Dopo tanto cinema, Elio Germano torna alla prima passione, il teatro. Si rimette in gioco con un testo apparentemente sconclusionato: Thom Pain (basato sul niente), di Will Eno.
Elio Germano

Dopo tanto cinema, Elio Germano torna alla prima passione, il teatro. Si rimette in gioco con un testo apparentemente sconclusionato: Thom Pain (basato sul niente), di Will Eno. Un illusionismo verbale di un antieroe solitario, uno sputasentenze alle prese con un resoconto, non lineare, della propria esistenza; per un bisogno di comunicare che chiama in causa lo spettatore «libero di immaginare».

Ascoltiamo la sua voce nel buio totale dell’inizio. Poi, vocabolario in mano, Germano cerca il significato di parole da plasmare, che prendono corpo e scorrono a ruota libera, alla ricerca di senso. «Un uomo da solo cosa può fare?», ci chiede.

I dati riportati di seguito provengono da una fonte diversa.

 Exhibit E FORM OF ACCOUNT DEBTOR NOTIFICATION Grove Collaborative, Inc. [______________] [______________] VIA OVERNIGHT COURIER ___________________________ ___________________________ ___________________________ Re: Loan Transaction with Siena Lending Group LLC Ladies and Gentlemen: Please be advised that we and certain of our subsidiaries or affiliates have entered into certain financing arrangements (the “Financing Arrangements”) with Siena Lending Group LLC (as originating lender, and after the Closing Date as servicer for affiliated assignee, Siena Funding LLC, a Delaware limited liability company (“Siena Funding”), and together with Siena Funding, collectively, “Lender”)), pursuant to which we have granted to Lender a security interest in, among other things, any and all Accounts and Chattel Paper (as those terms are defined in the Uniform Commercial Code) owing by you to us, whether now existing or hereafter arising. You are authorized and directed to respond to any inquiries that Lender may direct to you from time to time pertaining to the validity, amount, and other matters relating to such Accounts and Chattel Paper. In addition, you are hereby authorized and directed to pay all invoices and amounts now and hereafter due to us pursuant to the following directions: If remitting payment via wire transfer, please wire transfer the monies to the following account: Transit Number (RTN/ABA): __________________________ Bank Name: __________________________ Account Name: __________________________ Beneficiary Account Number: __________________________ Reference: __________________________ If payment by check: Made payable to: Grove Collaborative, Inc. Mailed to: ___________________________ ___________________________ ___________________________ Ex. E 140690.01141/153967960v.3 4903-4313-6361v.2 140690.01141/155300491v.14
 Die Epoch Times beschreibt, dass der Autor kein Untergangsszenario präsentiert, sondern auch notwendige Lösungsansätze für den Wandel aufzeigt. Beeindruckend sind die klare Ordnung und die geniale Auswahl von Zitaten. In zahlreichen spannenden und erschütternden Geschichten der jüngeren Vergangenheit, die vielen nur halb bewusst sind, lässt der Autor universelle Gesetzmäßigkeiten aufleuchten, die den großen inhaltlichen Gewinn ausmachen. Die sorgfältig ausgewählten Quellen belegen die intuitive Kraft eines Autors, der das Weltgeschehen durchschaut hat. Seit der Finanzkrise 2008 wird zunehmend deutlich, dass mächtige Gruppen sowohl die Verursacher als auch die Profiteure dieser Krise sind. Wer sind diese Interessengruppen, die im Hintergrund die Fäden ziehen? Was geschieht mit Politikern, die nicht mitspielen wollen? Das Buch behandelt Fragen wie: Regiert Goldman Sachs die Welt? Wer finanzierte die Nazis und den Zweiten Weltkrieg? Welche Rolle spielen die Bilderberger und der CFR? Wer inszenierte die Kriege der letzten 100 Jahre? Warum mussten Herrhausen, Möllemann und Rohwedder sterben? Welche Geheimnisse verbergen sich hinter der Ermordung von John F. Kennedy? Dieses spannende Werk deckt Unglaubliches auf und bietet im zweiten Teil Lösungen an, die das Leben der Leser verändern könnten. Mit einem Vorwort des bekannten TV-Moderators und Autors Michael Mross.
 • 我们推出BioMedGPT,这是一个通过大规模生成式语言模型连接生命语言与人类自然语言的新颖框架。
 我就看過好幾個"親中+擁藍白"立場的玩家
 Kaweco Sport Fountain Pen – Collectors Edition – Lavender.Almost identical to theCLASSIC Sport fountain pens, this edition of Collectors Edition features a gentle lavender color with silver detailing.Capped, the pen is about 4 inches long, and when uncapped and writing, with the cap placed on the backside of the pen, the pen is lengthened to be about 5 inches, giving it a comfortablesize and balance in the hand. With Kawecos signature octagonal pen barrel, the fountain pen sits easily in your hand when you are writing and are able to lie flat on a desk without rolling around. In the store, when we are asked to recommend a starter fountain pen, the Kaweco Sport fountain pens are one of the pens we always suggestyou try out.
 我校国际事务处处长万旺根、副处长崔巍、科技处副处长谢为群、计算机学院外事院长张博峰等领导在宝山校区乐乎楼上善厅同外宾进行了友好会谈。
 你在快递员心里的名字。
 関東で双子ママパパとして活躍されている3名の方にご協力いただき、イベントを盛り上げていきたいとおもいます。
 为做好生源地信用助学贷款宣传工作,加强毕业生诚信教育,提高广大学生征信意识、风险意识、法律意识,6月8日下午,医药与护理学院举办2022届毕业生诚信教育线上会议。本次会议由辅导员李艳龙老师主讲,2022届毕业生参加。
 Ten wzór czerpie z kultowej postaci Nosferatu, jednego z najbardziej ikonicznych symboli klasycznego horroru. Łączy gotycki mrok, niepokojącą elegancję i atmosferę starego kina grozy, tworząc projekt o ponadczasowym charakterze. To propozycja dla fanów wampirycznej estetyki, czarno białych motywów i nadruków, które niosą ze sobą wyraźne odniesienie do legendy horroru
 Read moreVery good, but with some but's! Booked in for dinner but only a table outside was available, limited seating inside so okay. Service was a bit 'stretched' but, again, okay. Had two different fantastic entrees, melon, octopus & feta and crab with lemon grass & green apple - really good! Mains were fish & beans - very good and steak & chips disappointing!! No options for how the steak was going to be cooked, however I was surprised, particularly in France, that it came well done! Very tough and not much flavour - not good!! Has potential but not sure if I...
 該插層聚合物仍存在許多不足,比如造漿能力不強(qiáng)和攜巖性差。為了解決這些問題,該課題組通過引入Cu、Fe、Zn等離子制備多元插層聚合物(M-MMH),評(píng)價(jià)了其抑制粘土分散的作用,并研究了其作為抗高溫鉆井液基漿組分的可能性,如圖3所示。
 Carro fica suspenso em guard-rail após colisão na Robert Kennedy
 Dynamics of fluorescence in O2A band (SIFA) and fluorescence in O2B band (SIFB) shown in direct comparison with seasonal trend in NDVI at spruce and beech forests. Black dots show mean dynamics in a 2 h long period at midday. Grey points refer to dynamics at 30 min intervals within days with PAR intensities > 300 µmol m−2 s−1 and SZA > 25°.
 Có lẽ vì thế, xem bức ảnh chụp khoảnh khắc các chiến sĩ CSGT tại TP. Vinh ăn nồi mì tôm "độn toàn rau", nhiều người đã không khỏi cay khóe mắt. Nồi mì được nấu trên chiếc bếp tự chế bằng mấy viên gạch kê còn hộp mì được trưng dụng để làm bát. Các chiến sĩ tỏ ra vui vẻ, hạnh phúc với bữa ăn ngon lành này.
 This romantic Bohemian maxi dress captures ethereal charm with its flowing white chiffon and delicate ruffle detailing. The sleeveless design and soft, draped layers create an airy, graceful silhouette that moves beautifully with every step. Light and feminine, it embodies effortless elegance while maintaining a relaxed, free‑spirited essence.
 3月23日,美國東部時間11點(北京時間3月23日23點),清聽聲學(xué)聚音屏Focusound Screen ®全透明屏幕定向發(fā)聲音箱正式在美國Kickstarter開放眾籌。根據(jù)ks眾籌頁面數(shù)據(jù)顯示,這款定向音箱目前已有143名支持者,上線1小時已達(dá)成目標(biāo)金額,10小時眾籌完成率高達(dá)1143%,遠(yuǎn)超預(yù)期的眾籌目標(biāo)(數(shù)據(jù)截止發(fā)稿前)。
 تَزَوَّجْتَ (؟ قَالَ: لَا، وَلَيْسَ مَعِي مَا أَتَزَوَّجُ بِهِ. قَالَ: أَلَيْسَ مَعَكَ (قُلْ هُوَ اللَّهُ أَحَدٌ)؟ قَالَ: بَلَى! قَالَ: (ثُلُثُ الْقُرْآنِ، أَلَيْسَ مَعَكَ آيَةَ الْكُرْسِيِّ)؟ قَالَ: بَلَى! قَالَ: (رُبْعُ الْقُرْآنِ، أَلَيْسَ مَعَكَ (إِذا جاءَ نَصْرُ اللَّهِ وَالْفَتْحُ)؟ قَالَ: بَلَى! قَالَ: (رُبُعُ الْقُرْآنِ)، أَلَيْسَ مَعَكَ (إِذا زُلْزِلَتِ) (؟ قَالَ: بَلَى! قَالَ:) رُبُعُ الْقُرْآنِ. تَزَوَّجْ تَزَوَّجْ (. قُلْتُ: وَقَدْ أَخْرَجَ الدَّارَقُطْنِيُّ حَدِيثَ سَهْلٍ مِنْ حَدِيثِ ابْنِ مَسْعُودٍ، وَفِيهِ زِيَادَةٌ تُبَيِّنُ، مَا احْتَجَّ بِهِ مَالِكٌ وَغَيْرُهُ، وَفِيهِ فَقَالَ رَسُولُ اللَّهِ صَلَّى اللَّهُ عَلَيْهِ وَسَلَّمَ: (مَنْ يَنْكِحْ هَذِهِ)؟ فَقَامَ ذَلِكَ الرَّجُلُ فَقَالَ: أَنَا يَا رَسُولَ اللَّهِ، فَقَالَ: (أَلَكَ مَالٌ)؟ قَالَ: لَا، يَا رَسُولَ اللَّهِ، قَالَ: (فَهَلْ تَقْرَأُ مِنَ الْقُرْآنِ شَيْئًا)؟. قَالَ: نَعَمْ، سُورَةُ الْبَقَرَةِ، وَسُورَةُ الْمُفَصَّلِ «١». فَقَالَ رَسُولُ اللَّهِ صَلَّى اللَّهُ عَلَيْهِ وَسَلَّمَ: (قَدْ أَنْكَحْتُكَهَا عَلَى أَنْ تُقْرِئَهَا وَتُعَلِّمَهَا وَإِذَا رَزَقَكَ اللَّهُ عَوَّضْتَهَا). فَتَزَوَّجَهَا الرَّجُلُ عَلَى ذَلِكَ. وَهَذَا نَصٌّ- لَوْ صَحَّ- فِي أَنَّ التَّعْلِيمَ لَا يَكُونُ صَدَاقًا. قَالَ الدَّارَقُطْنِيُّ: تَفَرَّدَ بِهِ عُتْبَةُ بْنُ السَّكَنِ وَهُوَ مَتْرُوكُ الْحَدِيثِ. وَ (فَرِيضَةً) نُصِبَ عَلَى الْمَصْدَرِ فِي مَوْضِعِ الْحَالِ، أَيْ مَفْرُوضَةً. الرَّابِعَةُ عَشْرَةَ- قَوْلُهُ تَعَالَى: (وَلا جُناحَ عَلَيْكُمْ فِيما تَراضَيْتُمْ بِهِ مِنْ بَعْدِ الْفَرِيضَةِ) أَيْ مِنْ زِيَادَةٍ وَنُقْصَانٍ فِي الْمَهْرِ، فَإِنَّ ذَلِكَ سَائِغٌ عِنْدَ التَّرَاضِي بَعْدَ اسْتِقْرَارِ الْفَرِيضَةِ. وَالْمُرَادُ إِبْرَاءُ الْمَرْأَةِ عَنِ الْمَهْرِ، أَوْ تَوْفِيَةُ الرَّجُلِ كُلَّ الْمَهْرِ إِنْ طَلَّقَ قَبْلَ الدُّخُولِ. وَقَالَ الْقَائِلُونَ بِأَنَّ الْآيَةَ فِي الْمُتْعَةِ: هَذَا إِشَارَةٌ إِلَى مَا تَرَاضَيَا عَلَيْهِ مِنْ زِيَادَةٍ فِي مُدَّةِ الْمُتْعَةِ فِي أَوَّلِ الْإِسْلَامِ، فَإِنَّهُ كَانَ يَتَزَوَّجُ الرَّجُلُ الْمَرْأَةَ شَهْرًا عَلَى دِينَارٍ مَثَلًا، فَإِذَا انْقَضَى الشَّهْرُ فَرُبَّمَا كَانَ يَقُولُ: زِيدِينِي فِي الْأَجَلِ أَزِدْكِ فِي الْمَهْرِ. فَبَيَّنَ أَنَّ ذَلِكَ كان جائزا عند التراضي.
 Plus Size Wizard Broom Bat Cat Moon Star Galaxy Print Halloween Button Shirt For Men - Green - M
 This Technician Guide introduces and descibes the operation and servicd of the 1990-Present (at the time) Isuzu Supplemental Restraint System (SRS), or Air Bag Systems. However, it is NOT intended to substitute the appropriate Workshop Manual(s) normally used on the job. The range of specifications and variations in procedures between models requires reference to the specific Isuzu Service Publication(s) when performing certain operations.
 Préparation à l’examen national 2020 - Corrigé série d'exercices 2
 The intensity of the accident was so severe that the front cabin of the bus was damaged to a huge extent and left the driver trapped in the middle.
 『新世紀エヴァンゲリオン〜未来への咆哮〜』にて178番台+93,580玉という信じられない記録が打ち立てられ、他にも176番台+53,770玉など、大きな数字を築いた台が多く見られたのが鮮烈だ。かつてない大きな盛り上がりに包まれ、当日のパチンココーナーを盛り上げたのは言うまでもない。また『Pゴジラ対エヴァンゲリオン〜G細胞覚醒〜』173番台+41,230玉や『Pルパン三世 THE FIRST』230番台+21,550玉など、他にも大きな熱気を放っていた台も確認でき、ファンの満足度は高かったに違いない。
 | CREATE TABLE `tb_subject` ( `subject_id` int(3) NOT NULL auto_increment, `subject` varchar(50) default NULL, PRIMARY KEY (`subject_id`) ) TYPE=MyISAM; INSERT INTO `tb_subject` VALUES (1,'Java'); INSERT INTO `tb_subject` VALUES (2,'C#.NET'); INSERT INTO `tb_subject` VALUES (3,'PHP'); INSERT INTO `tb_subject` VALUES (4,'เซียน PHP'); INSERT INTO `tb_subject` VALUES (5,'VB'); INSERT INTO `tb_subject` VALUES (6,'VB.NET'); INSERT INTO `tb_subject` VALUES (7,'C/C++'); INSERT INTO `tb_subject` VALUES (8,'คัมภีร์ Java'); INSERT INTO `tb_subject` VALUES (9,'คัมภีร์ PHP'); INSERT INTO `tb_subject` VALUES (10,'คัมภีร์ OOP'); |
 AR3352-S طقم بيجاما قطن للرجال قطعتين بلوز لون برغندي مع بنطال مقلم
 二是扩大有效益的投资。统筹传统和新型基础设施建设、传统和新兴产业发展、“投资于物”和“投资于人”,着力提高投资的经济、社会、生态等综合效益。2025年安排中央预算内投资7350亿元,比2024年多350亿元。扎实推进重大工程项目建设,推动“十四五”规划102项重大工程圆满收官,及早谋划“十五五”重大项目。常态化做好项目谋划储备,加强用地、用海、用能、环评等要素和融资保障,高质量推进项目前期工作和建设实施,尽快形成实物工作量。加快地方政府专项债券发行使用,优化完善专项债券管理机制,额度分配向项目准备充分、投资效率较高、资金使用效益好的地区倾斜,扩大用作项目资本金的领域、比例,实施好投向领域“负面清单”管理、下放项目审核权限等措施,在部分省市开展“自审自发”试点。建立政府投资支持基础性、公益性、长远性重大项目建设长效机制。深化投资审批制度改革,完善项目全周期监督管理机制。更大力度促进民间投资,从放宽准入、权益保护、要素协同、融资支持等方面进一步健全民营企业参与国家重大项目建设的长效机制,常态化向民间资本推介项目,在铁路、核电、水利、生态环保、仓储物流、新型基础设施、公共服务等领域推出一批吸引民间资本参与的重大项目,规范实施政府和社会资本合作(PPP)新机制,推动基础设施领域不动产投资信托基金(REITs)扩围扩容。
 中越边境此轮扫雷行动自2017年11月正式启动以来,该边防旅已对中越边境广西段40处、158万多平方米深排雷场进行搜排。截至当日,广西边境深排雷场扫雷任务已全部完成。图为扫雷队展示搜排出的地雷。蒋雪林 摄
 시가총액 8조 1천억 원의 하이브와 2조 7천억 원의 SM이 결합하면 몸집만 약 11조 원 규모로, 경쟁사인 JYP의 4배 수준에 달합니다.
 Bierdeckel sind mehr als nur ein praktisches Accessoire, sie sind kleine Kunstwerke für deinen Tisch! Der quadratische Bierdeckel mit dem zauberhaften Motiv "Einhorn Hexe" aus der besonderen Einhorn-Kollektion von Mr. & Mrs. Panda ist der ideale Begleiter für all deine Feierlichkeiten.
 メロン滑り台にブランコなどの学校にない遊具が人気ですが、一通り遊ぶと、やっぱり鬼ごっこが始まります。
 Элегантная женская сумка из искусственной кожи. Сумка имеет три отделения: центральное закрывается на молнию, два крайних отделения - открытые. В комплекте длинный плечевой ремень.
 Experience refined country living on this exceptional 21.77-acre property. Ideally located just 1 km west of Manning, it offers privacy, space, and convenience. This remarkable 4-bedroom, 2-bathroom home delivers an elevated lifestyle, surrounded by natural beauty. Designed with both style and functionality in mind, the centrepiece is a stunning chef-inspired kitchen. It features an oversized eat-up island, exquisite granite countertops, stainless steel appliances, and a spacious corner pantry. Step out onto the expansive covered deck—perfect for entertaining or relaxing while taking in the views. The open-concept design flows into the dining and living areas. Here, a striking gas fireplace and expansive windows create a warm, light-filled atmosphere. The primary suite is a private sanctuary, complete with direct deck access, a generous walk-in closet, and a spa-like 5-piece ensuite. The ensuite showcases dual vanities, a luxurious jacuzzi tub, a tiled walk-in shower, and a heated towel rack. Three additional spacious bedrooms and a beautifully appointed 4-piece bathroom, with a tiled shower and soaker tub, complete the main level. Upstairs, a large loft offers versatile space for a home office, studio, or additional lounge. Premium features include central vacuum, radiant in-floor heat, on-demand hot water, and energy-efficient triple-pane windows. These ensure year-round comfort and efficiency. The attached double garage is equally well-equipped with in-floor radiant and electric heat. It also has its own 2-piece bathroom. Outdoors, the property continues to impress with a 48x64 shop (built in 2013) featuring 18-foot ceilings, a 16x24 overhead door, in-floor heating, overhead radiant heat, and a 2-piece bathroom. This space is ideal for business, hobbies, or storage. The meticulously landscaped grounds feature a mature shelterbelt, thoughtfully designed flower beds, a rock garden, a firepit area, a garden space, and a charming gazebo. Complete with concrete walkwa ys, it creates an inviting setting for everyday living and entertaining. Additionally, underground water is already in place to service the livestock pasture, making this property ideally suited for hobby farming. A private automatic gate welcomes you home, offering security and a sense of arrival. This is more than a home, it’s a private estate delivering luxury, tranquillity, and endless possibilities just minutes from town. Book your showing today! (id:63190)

Tra banalità e luoghi comuni, ricordi di bambino e aneddoti adolescenziali, barzellette e silenzi, entrano in campo domande esistenziali. Cosa intendiamo con la parola amore, che valore daremmo al tempo se sapessimo che ci rimangono tre giorni di vita o quarant’anni? Butta in scena parole come paura, vuoto, smarrimento, speranza. Cerca l’osmosi col pubblico, tenta di sedurre, ci strappa risate. Si dona e subito si nega. Chiede aiuto e improvvisa giochi di prestigio per riempire la distanza. Mescola finzione e verità. E rivela un talento camaleontico che però avrebbe bisogno dello sguardo esterno di un regista.

 

A “Settembre al Borgo”e a Roma per “Le vie dei festival”.